Успенский увлекся чтением надписей и разглядыванием раритетов, поэтому едва не упал, когда под ноги ему попало что-то упругое. Оказалось, он наступил на галошу. Настоящую галошу. Черная, резиновая, она валялась чуть ли не посреди кабинета. Галоша была одна, второй Андрей нигде не заметил. Он негромко выругался и отфутболил галошу в угол.
И раздраженно поинтересовался:
– Что тут этот хлам делает?
Покровский
– Это не хлам, а антиквариат. Мой счастливый талисман, если угодно.
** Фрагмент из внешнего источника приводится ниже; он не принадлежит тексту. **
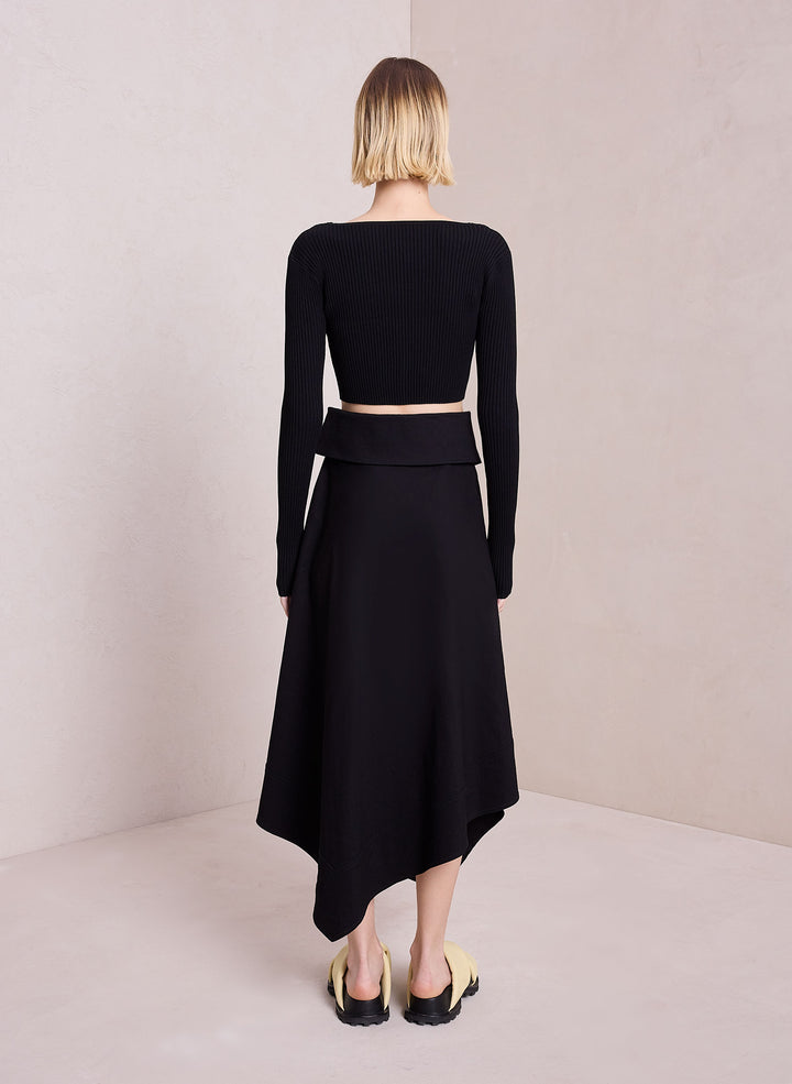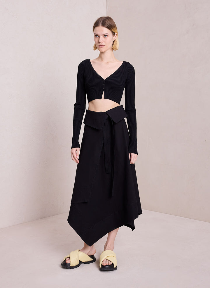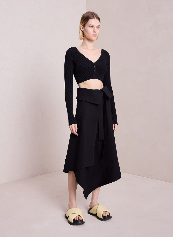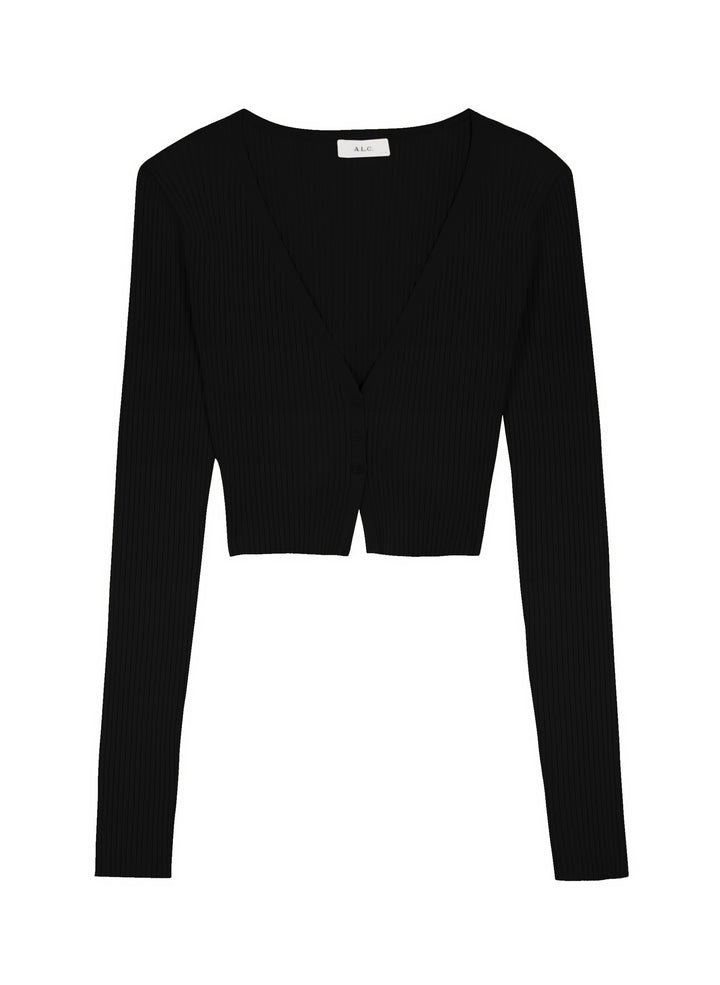 DescriptionThe Hallie Cardigan is knitted from a ribbed viscose blend in timeless black. This cropped silhouette features long sleeves and a V-neckline with three buttons that conceal a bra when secured. Shop Jackets

Успенский не сдержал улыбки.
– А я подумал, что это просто старая галоша.
– Это историческая галоша, – с гордостью произнес режиссер. – Реликвия! Ее когда-то носил сам Булгаков.
Успенский вгляделся в галошу более внимательно.
– Если эта вещица действительно из эпохи Булгакова, то ее следует называть не галоша, а калоша. Тогда именно так говорили. Вот только я не знал, что классик имел обыкновение ходить обутым на одну ногу.
– Галошу, или, как вы совершенно справедливо выражаетесь, калошу, он то ли потерял, то ли ее у него украли, – снисходительно поведал гений.
– Но почему только одну?
– Сие суть загадка, сокрытая мраком времен, – величественно произнес Покровский.
Но весь эффект испортила Василиса.
– Врет он все. На помойке подобрал, – сказала она.
Тем временем Покровский со старой галоши, точнее, калоши переключился на гостью. При этом он явно чувствовал себя не в своей тарелке. Похоже, совсем не умел просить.
– Видишь ли, – промямлил он, – в связи со смертью Ады я лишился спонсора и главной героини в одном лице. Ты не могла бы мне помочь?
Василиса пожала плечами.
– Откуда у бедной журналистки деньги?
Но, к ее удивлению, Покровский отрицательно замотал головой.
– Ты не поняла. Спонсора я нашел без проблем. Они ко мне очередь занимают. Мне нужна главная героиня, Маргарита. Не возьмешься сыграть? А то спектакль уже готов, сдача на носу, а тут такое.
Нельзя сказать, что Василиса была озадачена таким предложением. Она была просто ошарашена, поэтому не сразу нашла что ответить.
– Смеешься? В этой самодеятельности?
Гений просиял.
– Именно! Ты нашла верное слово: самодеятельность. Это слово сродни понятию самодержавие. Я сам делаю свой спектакль. Тебе и играть-то ничего не придется. Актер – ничто. Марионетка, собака. Нет, искусство делает сам режиссер. Если, конечно, он – мастер.
Василиса усмехнулась.
– Или Карабас–Барабас. Так ты и меня заставишь с тачкой бегать? А текст когда учить?
Покровский замахал руками, как птеродактиль крыльями.
– Нет, у Маргариты нет текста. А тот, что есть, идет через динамик как бы от автора. У Адки времени не было текст учить. Ты ведь знаешь, новаторство – это мой творческий стиль. Конек. У меня Маргарита весь спектакль стоит на балконе.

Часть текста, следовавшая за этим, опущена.